==== Study material

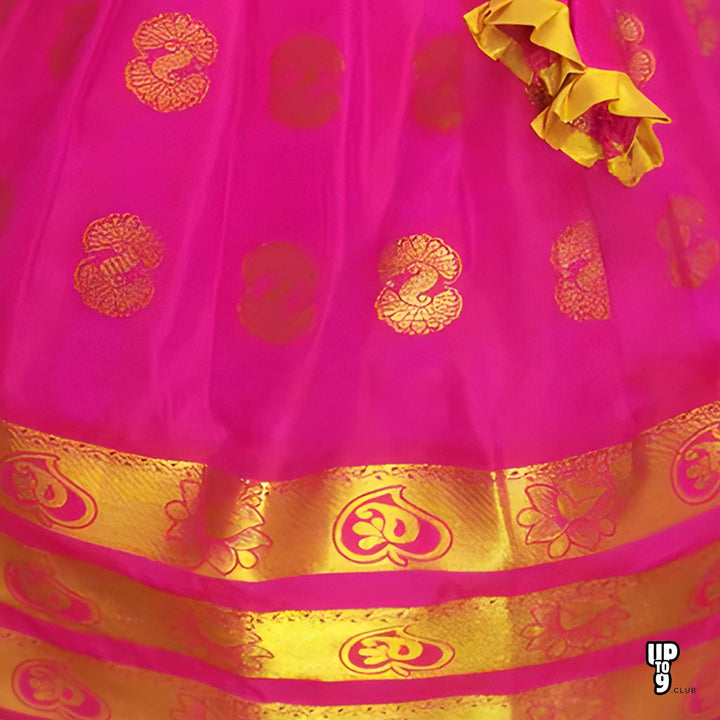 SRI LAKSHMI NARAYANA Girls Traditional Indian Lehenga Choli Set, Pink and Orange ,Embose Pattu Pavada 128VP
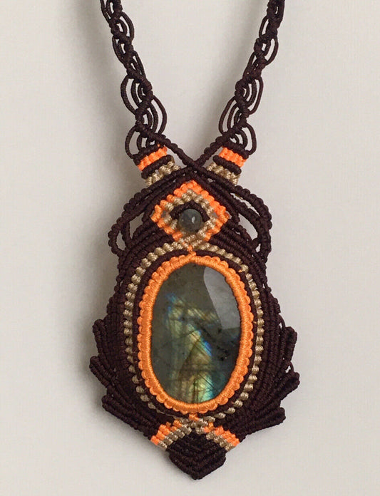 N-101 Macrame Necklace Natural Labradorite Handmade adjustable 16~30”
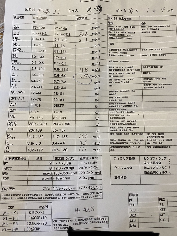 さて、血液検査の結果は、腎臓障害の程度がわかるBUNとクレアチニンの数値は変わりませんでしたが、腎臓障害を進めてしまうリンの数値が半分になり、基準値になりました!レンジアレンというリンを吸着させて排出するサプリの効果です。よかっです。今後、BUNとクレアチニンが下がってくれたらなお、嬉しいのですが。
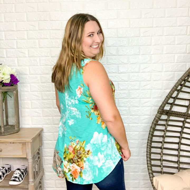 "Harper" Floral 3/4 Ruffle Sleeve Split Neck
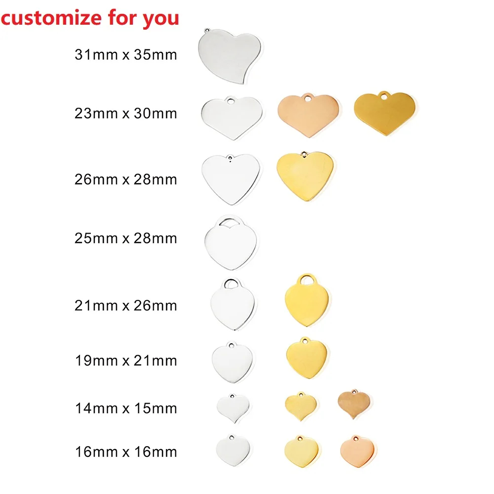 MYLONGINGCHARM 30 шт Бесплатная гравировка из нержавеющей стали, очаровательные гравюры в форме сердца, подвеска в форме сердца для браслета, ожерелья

========
==== Study material

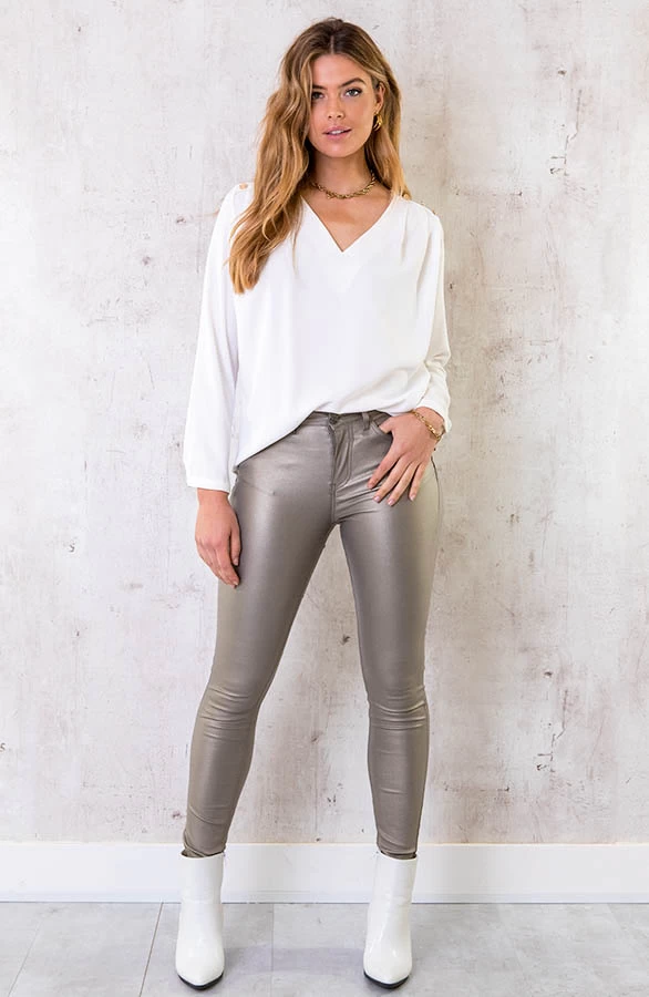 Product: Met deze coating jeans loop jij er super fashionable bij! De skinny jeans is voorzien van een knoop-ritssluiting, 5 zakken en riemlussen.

========

What needs to be done>
Each line above starting at the one holding "SRI LAKSHMI NARAYANA" and ending at the one holding "Sleeve Split Neck" should be set down exactly as it stands, both ends included, with no pictures.

Written answer>
 SRI LAKSHMI NARAYANA Girls Traditional Indian Lehenga Choli Set, Pink and Orange ,Embose Pattu Pavada 128VP
 N-101 Macrame Necklace Natural Labradorite Handmade adjustable 16~30”
 さて、血液検査の結果は、腎臓障害の程度がわかるBUNとクレアチニンの数値は変わりませんでしたが、腎臓障害を進めてしまうリンの数値が半分になり、基準値になりました!レンジアレンというリンを吸着させて排出するサプリの効果です。よかっです。今後、BUNとクレアチニンが下がってくれたらなお、嬉しいのですが。
 "Harper" Floral 3/4 Ruffle Sleeve Split Neck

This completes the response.